Data supplied:
--- START ---

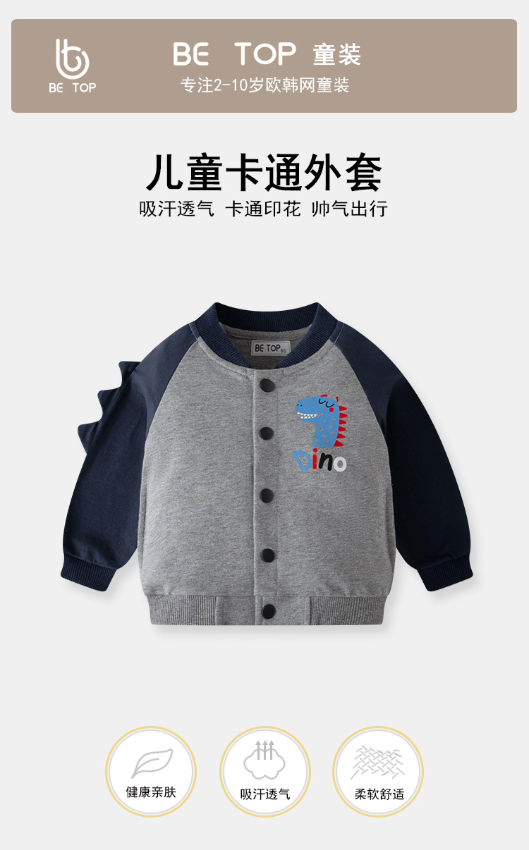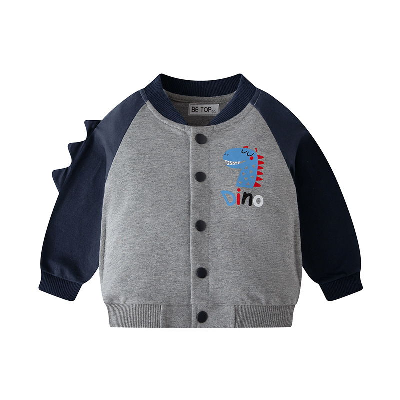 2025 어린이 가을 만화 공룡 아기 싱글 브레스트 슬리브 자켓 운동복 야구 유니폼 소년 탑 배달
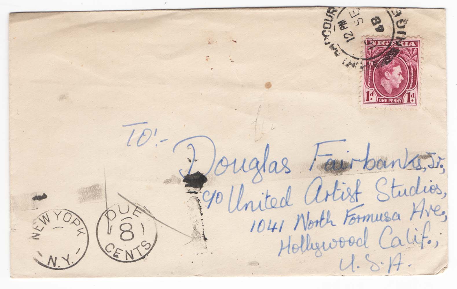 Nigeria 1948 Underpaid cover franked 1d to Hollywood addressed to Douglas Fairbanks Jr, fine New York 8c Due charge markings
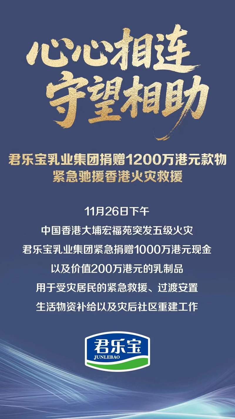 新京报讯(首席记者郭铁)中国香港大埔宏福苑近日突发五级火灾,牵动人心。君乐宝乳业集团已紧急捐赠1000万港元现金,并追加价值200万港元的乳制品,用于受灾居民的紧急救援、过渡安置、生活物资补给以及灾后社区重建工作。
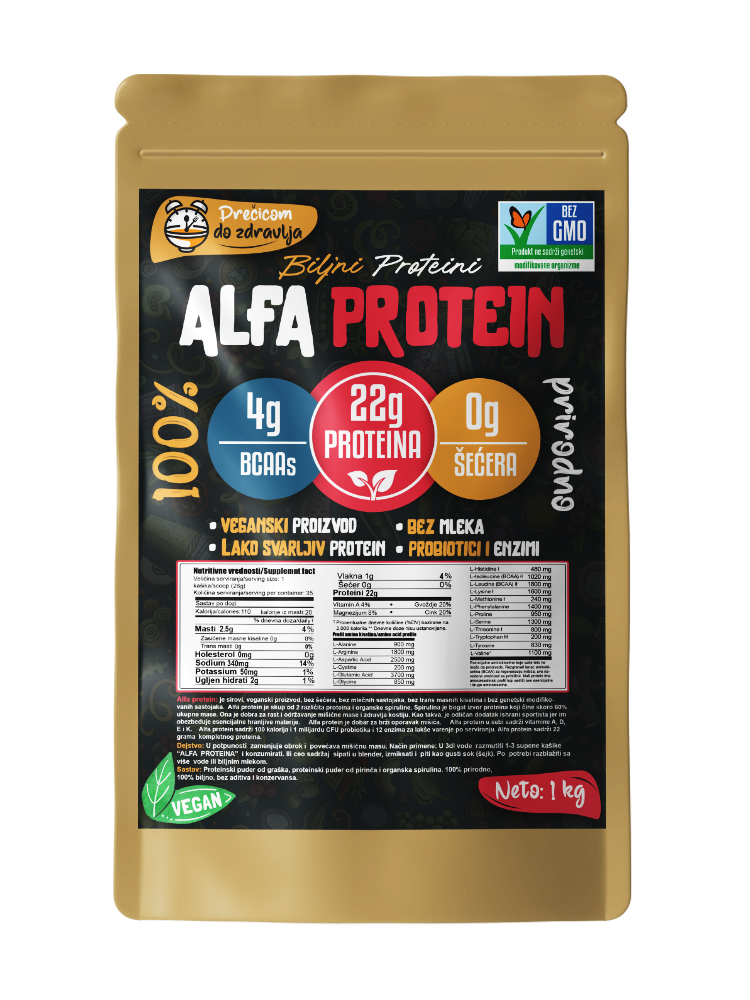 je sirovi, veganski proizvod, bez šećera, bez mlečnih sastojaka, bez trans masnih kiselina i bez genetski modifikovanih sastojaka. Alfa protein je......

--- END ---
--- START ---

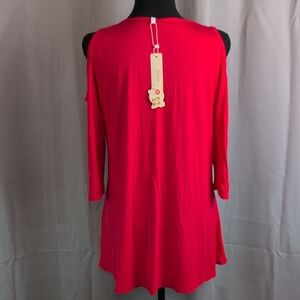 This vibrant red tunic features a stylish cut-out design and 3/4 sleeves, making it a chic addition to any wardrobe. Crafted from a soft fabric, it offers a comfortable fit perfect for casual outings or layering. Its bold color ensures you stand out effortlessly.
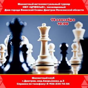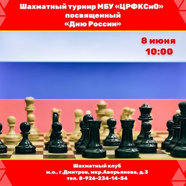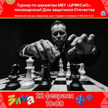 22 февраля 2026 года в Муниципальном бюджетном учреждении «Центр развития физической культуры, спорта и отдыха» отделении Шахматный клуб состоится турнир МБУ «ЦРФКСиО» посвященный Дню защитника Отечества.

--- END ---

Work order:
Copy only what lies between the line with "This vibrant red" and the line with "22 февраля 2026", those two lines included, exactly as given above; pictures stay out.

Answer for this exercise:
 This vibrant red tunic features a stylish cut-out design and 3/4 sleeves, making it a chic addition to any wardrobe. Crafted from a soft fabric, it offers a comfortable fit perfect for casual outings or layering. Its bold color ensures you stand out effortlessly.
 22 февраля 2026 года в Муниципальном бюджетном учреждении «Центр развития физической культуры, спорта и отдыха» отделении Шахматный клуб состоится турнир МБУ «ЦРФКСиО» посвященный Дню защитника Отечества.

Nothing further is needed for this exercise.